» **About this exercise**: The entries below must be reproduced exactly; their pictures are not part of the copy.

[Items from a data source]
»»

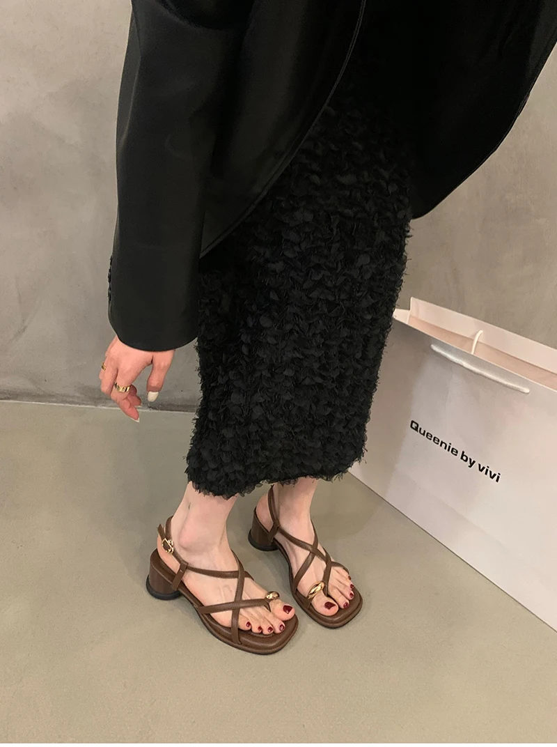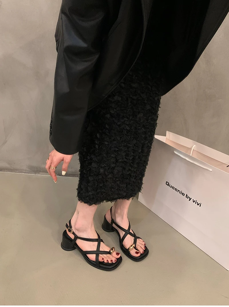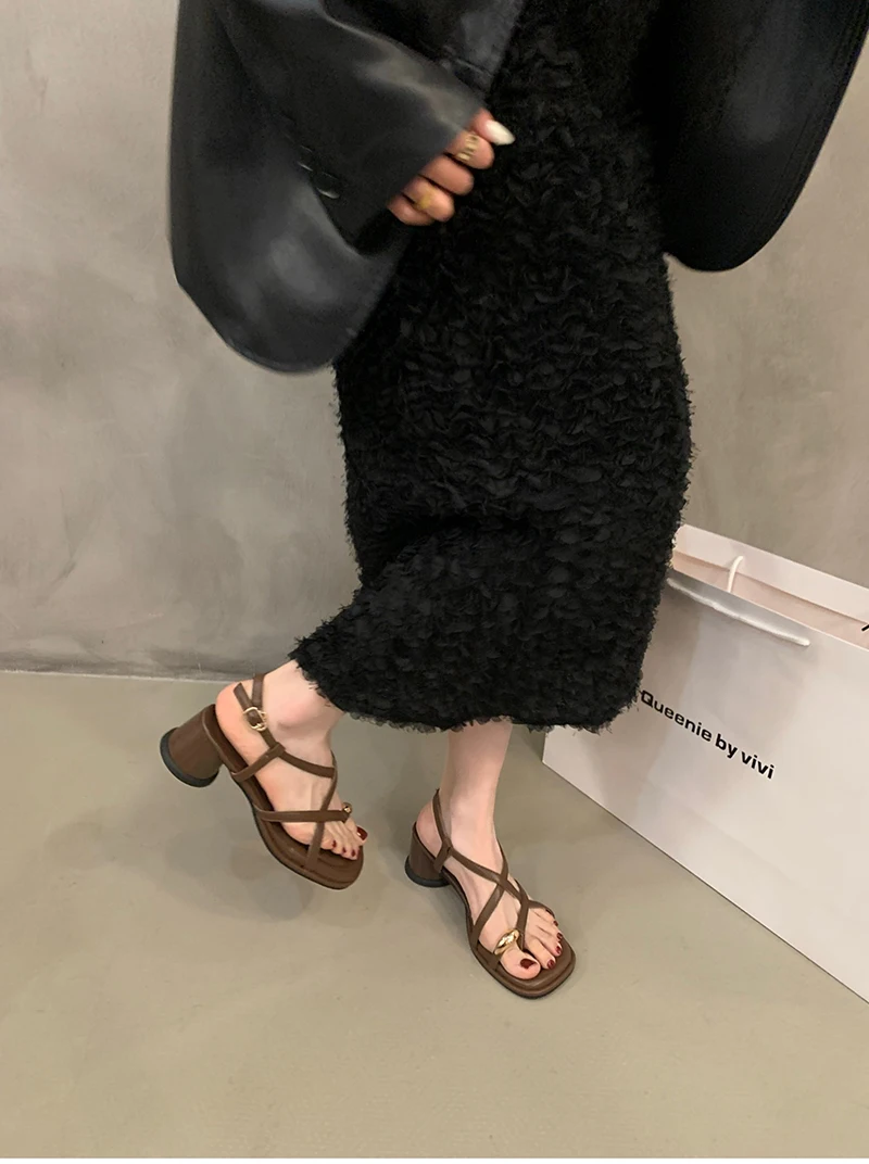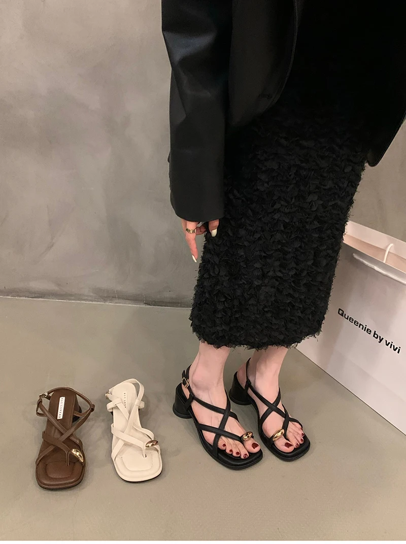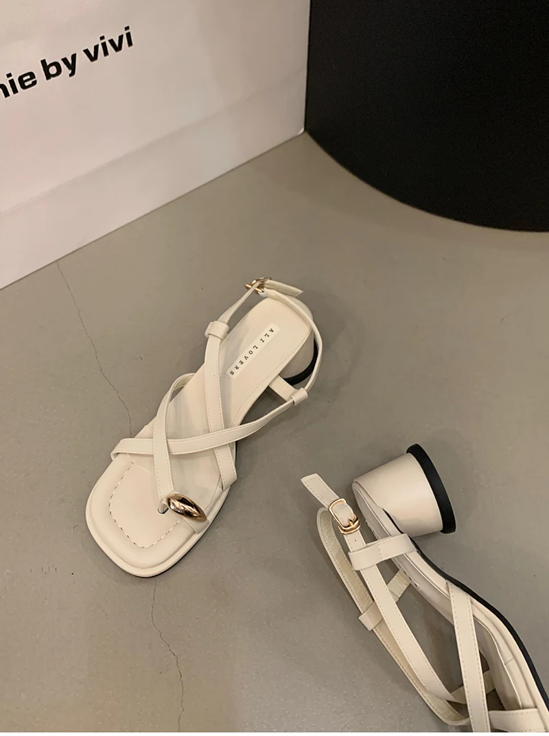 LBSFY - 2024 Summers Gladiator Women's Sandals Fashion Narrow Band High Heel Ladies Elegant Outdoor Clip Toe Sandalias
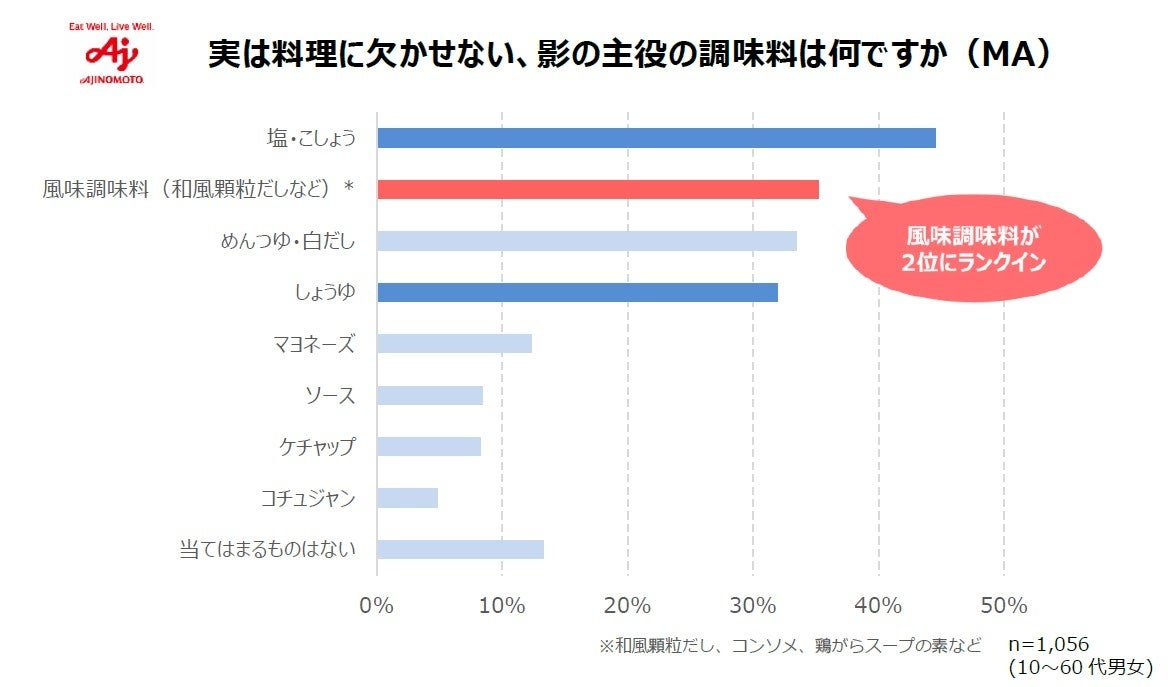 料理に欠かせない影の主役調味料ランキングでは「風味調味料」が「塩・こしょう」に次いで2位に
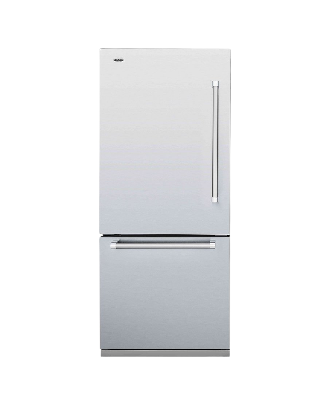 Bottom freezer em aço inox escovado anti-manchas com robustos puxadores tubulares que proporciona uma perfeita integração no piso ou embutido nos móveis de sua cozinha planejada, sem necessitar de frestas de ventilação.
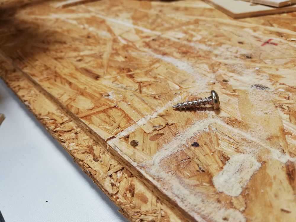 J jako podloku pouvm OSB desku, zbytek po svm budovn podlah. Deska je trvale poloena na stole, U profily, ktermi se normln materil upevuje, jsou do drek zastreny vzhru nohama a plokou je deska pitaena ke stolu.
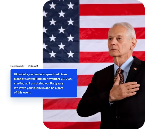 SMS is ideal for inviting supporters to rallies, town halls, and canvassing events. Campaigns can also use political sms marketing to recruit, organize, and coordinate volunteers, sending updates and instructions instantly. - Fundraising Appeals and Donation Links:
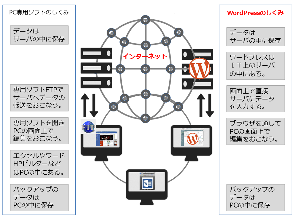 • HTMLなどの専門知識がなくても、記事更新が比較的容易にできるCMS(Content Management System)という「コンテンツを作るときに画像などを一括管理できるシステム」のWordPressを使用
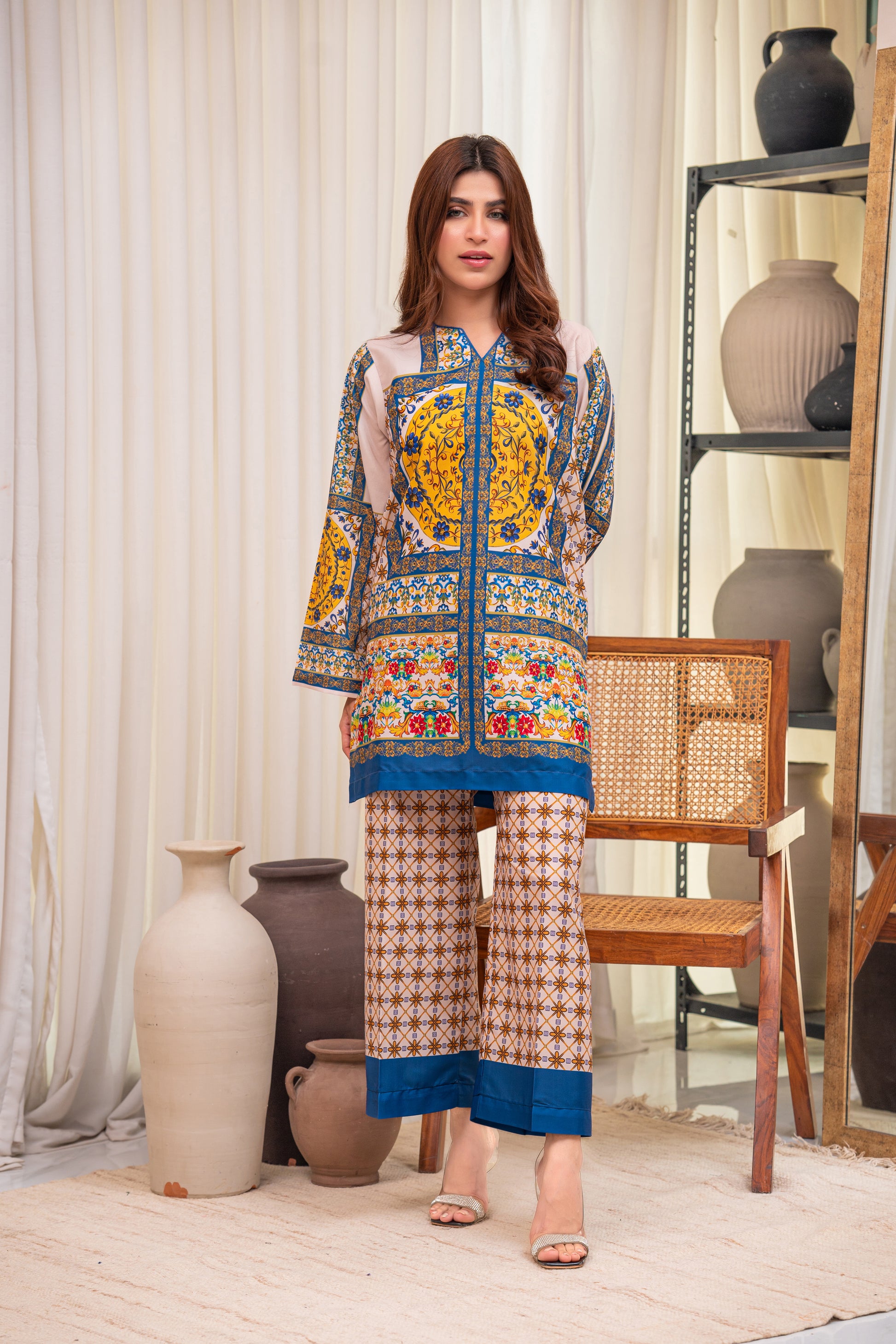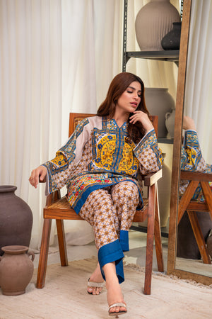 Exude elegance in this 2-piece crepe ensemble featuring baroque-inspired patterns in golden yellow and deep blue. With delicate floral details and geometric mosaic print trousers, it’s perfect for both daytime gatherings and evening soirees
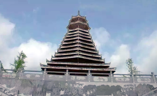 其實鼓樓身上還有很多符號,比如說鼓樓身上雕塑、繪畫、紋飾、楹聯等,這也是鼓樓樓身上的一種表層的文化符號體系,它有機地融合了堂、樓、屋、亭、塔、閣、殿、杉樹、龍、魚窩、仙鶴、村寨等形象。在綜合這些形象的同時,侗族的鼓樓建築匠師也有意無意地運用著這些物象所具有的象徵含義,由此而創造出這麼一種立體的多層次的建築文化。所以,侗族文化被專家學者稱之為“鼓樓文化”,不僅因為鼓樓是侗族建築中的傑出代表,更主要的是侗族的全部精神性的文化要素,從歷史記憶、宗教信仰、藝術娛樂到法律、習俗、節慶、交往等等諸多方面都離不開鼓樓。如果說太極圖是中國漢文化最具有原型性、積澱最深厚、可闡釋性最強、最有代表性的文化符號的話,那麼,鼓樓之于侗族文化來說,也是最具象徵性的文化符號,其中積澱和蘊藏著侗族最重要的文化元素,以鼓樓為中心而展開閱讀的視線,幾乎可以洞觀侗族文化的全幅圖景。
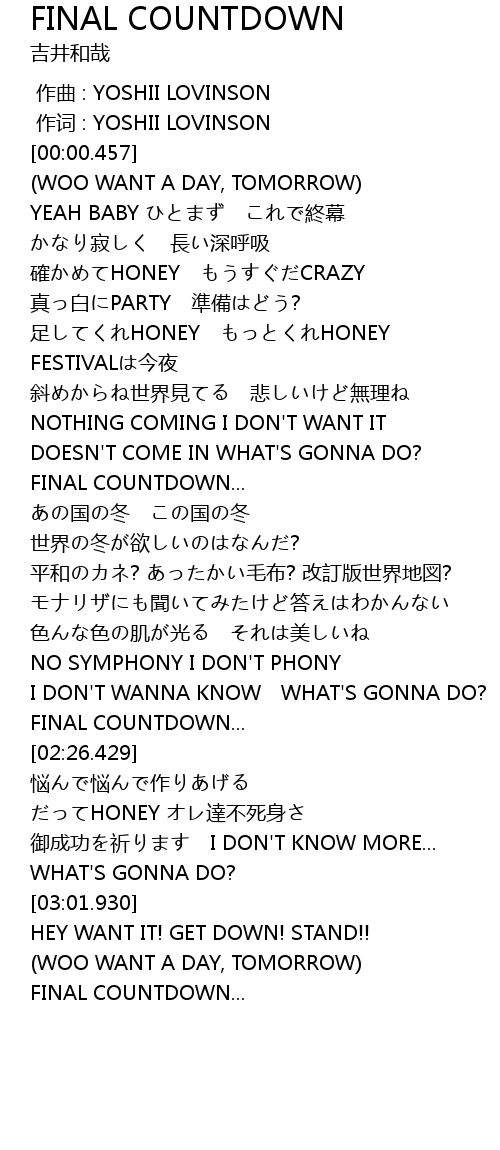| [02:10.991] | FINAL COUNTDOWN... |

««

» **Task result**:
 LBSFY - 2024 Summers Gladiator Women's Sandals Fashion Narrow Band High Heel Ladies Elegant Outdoor Clip Toe Sandalias
 料理に欠かせない影の主役調味料ランキングでは「風味調味料」が「塩・こしょう」に次いで2位に
 Bottom freezer em aço inox escovado anti-manchas com robustos puxadores tubulares que proporciona uma perfeita integração no piso ou embutido nos móveis de sua cozinha planejada, sem necessitar de frestas de ventilação.
 J jako podloku pouvm OSB desku, zbytek po svm budovn podlah. Deska je trvale poloena na stole, U profily, ktermi se normln materil upevuje, jsou do drek zastreny vzhru nohama a plokou je deska pitaena ke stolu.
 SMS is ideal for inviting supporters to rallies, town halls, and canvassing events. Campaigns can also use political sms marketing to recruit, organize, and coordinate volunteers, sending updates and instructions instantly. - Fundraising Appeals and Donation Links:
 • HTMLなどの専門知識がなくても、記事更新が比較的容易にできるCMS(Content Management System)という「コンテンツを作るときに画像などを一括管理できるシステム」のWordPressを使用
 Exude elegance in this 2-piece crepe ensemble featuring baroque-inspired patterns in golden yellow and deep blue. With delicate floral details and geometric mosaic print trousers, it’s perfect for both daytime gatherings and evening soirees
 其實鼓樓身上還有很多符號,比如說鼓樓身上雕塑、繪畫、紋飾、楹聯等,這也是鼓樓樓身上的一種表層的文化符號體系,它有機地融合了堂、樓、屋、亭、塔、閣、殿、杉樹、龍、魚窩、仙鶴、村寨等形象。在綜合這些形象的同時,侗族的鼓樓建築匠師也有意無意地運用著這些物象所具有的象徵含義,由此而創造出這麼一種立體的多層次的建築文化。所以,侗族文化被專家學者稱之為“鼓樓文化”,不僅因為鼓樓是侗族建築中的傑出代表,更主要的是侗族的全部精神性的文化要素,從歷史記憶、宗教信仰、藝術娛樂到法律、習俗、節慶、交往等等諸多方面都離不開鼓樓。如果說太極圖是中國漢文化最具有原型性、積澱最深厚、可闡釋性最強、最有代表性的文化符號的話,那麼,鼓樓之于侗族文化來說,也是最具象徵性的文化符號,其中積澱和蘊藏著侗族最重要的文化元素,以鼓樓為中心而展開閱讀的視線,幾乎可以洞觀侗族文化的全幅圖景。
| [02:10.991] | FINAL COUNTDOWN... |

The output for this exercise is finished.